Records from a collection:
◆ ◆ ◆

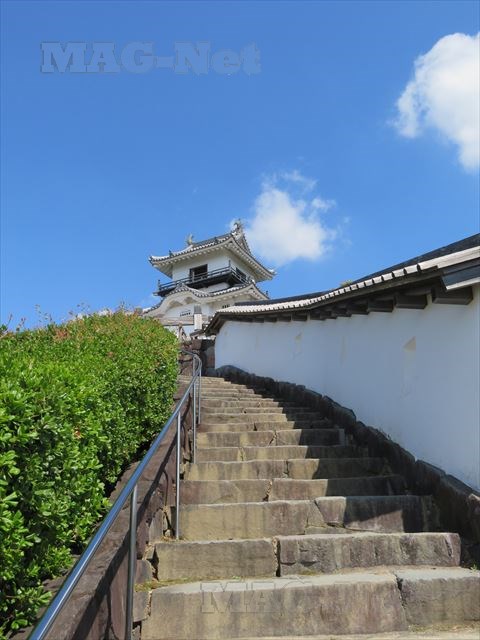 ここから天守閣までは、塀伝いに細い石段を上っていきます。
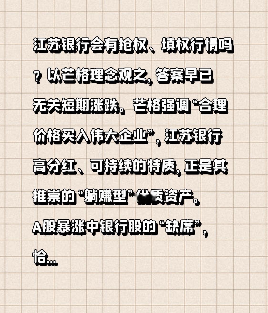江苏银行会有抢权、填权行情吗? 以芒格理念观之,答案早已无关短期涨跌。芒格强调“合理价格买入伟大企业”,江苏银行高分红、可持续的特质,正是其推崇的“躺赚型”优质资产。 A股暴涨中银行股的“缺席”,恰是对人性的考验。那些熊市赚50%、牛市仍坚定持有的投资者,践行了芒格“避免愚蠢”的智慧——远离追涨杀跌的零和博弈,聚焦企业本质而非股价噪音。 抢权、填权只是短期波动,复利才是财富核心。坚守高分红银行股,赚场外确定红利,方能在A股穿越周期。
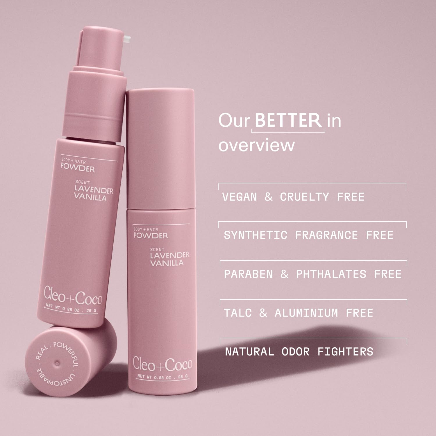 Cleo + Coco. Deodorant Powder for Body and Hair, Lavender Vanilla (0.88 oz), 2-in-1 Deo Powder & Dry Shampoo for Women & Men, Aluminum Free Deodorant, Talc-Free, Anti Chafe Protector, Travel-Size
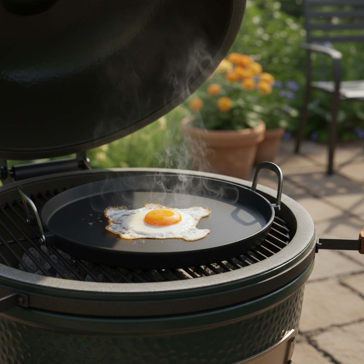 - Eieren en pannenkoeken - Ja, echt. Een ontbijtje op de kamado met gebakken eieren en spek? Met deze plancha kan het.
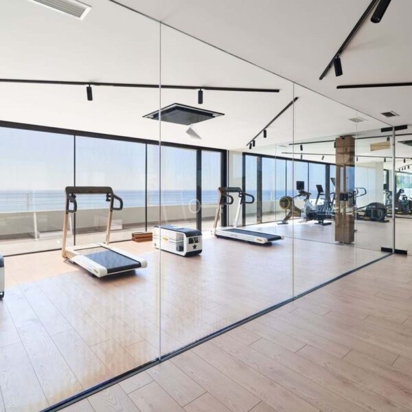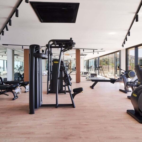 Gym with Technogym equipment and frontal sea views
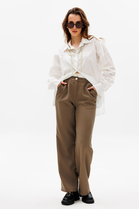 Брюки прямого силуэта с вытачками по задней половинке. Наклонные карманы в боковых швах по передней половинке изделия. Застёжка на тесьму-молнию с резинкой по поясу. Отделочная деталь пояса на резинке из рубашечной ткани создаёт имитацию двойного пояса.

◆ ◆ ◆

## The task
Copy out the lines above in full and unaltered, apart from the pictures.

## Answer to the problem
 ここから天守閣までは、塀伝いに細い石段を上っていきます。
江苏银行会有抢权、填权行情吗? 以芒格理念观之,答案早已无关短期涨跌。芒格强调“合理价格买入伟大企业”,江苏银行高分红、可持续的特质,正是其推崇的“躺赚型”优质资产。 A股暴涨中银行股的“缺席”,恰是对人性的考验。那些熊市赚50%、牛市仍坚定持有的投资者,践行了芒格“避免愚蠢”的智慧——远离追涨杀跌的零和博弈,聚焦企业本质而非股价噪音。 抢权、填权只是短期波动,复利才是财富核心。坚守高分红银行股,赚场外确定红利,方能在A股穿越周期。
 Cleo + Coco. Deodorant Powder for Body and Hair, Lavender Vanilla (0.88 oz), 2-in-1 Deo Powder & Dry Shampoo for Women & Men, Aluminum Free Deodorant, Talc-Free, Anti Chafe Protector, Travel-Size
 - Eieren en pannenkoeken - Ja, echt. Een ontbijtje op de kamado met gebakken eieren en spek? Met deze plancha kan het.
 Gym with Technogym equipment and frontal sea views
 Брюки прямого силуэта с вытачками по задней половинке. Наклонные карманы в боковых швах по передней половинке изделия. Застёжка на тесьму-молнию с резинкой по поясу. Отделочная деталь пояса на резинке из рубашечной ткани создаёт имитацию двойного пояса.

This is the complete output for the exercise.